Fig. 6 is a cross-sectional view of the trocar of Figs. 4 and 5, taken along line 6-6; Fig. 7 is a cross-sectional view of the trocar of Figs. 4 and 5, taken along line 7-7.
Fig. 8 is a side view of one embodiment of a trocar constructed in accordance with the teachings of the present invention. Fig. 9 is an end view of the trocar of Fig. 8.
Detailed Description of Preferred Embodiments
The present invention overcomes the problems and disadvantages associated with current strategies and designs in insertion devices for use in accessing hard and/or dense tissues. In particular, the present invention describes insertion devices which may be used in treating various locations within human and/or animal bodies, such as the methods and instruments described in U.S. Patent Nos . 4,969,888, 5,108,404, 5,827,289, 5,972,015, 6,048,346 and 6,066,154, each of which are incorporated herein by reference.

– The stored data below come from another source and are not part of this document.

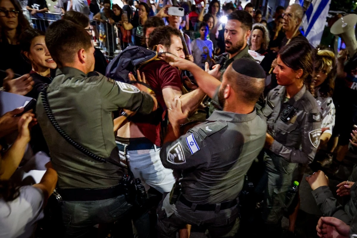 In videos on social media, shared by Israel's Channel N12, police were seen arresting one protester and tying him to a vehicle. In a separate video, a police officer can be heard telling a protester he would “rape his mother.”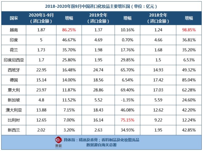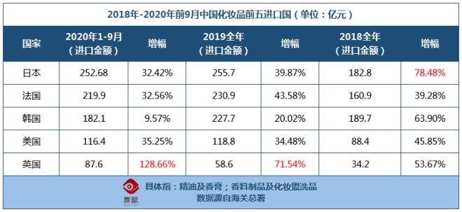 而從進口國來看,日本、法國、韓國仍為前三,小眾國家化妝品也仍有不小的潛力。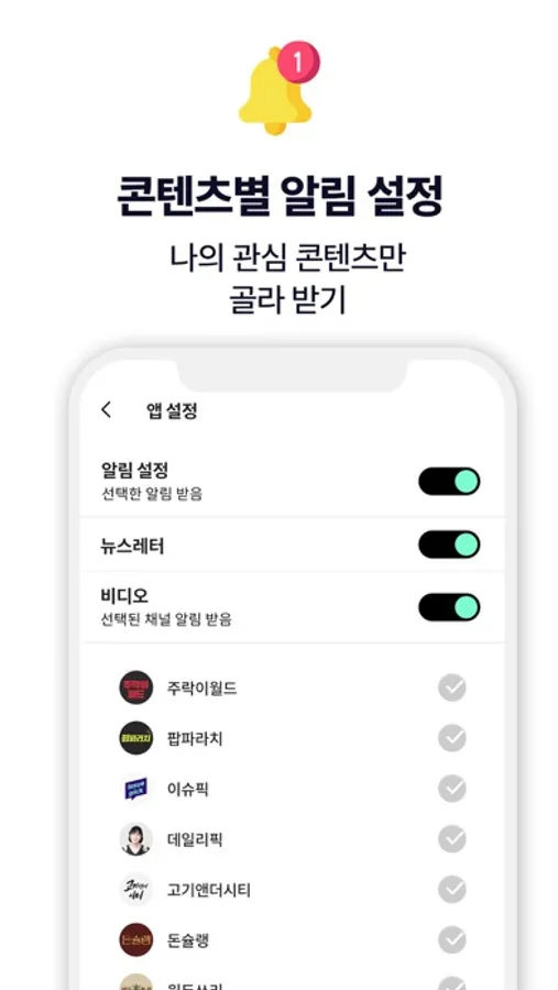 14F 콘텐츠 중 내가 보고싶은 콘텐츠만 선택해 알림 설정을 할 수 있습니다.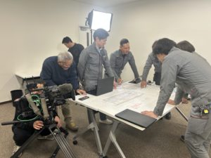 また社内では、図面を操作している場面や施工検討会の様子など、

Fig. 1 shows a composite instrument 10 for penetrating tissue. The composite instrument 10 includes a first functional instrument 20 and a second functional instrument 40, and a composite handle 12 comprising a first handle 22 and a second handle 42. The composite handle 12 aids a physician in manipulating the composite instrument 10, but a physician can also desirably use the first handle 22 to independently manipulate the first instrument 20 or the second handle 42 to independently manipulate the second instrument 40 during use.
The number and type of instruments 20 and 40 can vary. Fig. 1 shows two representative instruments 20 and 40, each having a different size and function. In one embodiment, the first functional instrument 20 is a trocar instrument, and the second functional instrument 40 is a cannula instrument. The first instrument 20 functions as a trocar instrument to penetrate tissue. A trocar has a proximal end 32 and a distal end 34. The distal end 34 is tapered to present a penetrating surface 35. In use, the penetrating surface 35 is intended to penetrate soft tissue and/or hard, dense tissue in response to pushing and/or twisting forces applied by the physician at the first handle 22, or the composite handle 12.
The first handle 22 is coupled to the trocar 30 at the proximal end of the trocar 32. if desired, the proximal end of the trocar 30 could be formed in a T- shape (not shown) , with the first handle 22 being molded around the T-shaped end. This arrangement would significantly increase the mechanical strength of the bond between the handle 22 and the trocar 30, and allows significant longitudinal and torsional forces to be transmitted from the handle 22 to the trocar 30 without bond failure. Alternatively, with or without a T-shaped end, the proximal end 32 of the trocar 30 can be scored (not shown) to increase the mechanical strength of the bond between the trocar 30 and the handle 22, or various bonding adhesives could be used, with varying results.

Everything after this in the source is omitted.